I am looking forward to taking the level 1 exam in the next months.

# Cheatsheet for 1.0.0 releases

In the past 3 years I have released several software packages and a few of them exceeded the 1.0.0 release. I am not confident with it. I need structure. I need a plan for 1.0.0 releases.

So what is the background? In software engineering the 1.0.0 release is a famous one.

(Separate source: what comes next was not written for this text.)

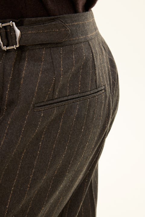 Buksen er laget av en myk ullblanding og har en regular fit passform for en smidig passform samtidig som de bevarer elegansen. Den høye midjen og det rene uttrykket skaper et allsidig plagg som fungerer like bra til hverdags som til mer formelle anledninger.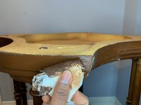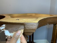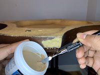 • Apply a generous amount of wood filler to the chipped wood and let it harden completely before continuing with the remaining steps.

The release 1.0.0 is considered as the first public release where people can depend on the API/ABI.

Consider a car. With the public release a car seat customizer will look at the measurements and publish his customized seats for this type of car. The car company should not publish the same car with different seat measurements a month later. This would destroy the business for the customizer and annoy costumers. This is about standardization.

The same applies to software engineering. With the 1.0.0 release you are expected not to change the components in such a way that depending software breaks. Like the car seat measurements. If you stick to semantic versioning as defined by semver.org, you are actually allowed to make “incompatible API changes” if you release by incrementing the first of three numbers. Like python was backwards incompatible when going from the 2.x to 3.x release. But semantic versioning is not yet common enough in the industry. So I stick to the paradigm that the 1.0.0 release should be well-considered.

And this is my personal check list for 1.0.0 releases in the future:

1. I will define a target audience and consider the social impact.
2. I have a documentation for the public API accessible in the web.
3. I have a working testsuite.
4. I have written several programs using the API and concluded that the API is convienient to use with the languages’ builtin.
5. I will check my API against best practices in the software paradigm I am using.
6. I have money & time to provide hotfixes 24 hours after release at the latest.
7. I will specify
1. metadata such as: contributors, license, version, date, contact options, associated URLs
2. dependencies and system requirements
3. simple installation instructions for the most common usecase
4. performance estimates
5. target audience, pitfalls & limitations
6. a changelog (at least for major and minor releases)

Iff all these requirements are met, go ahead and release it as 1.0.0, but not otherwise.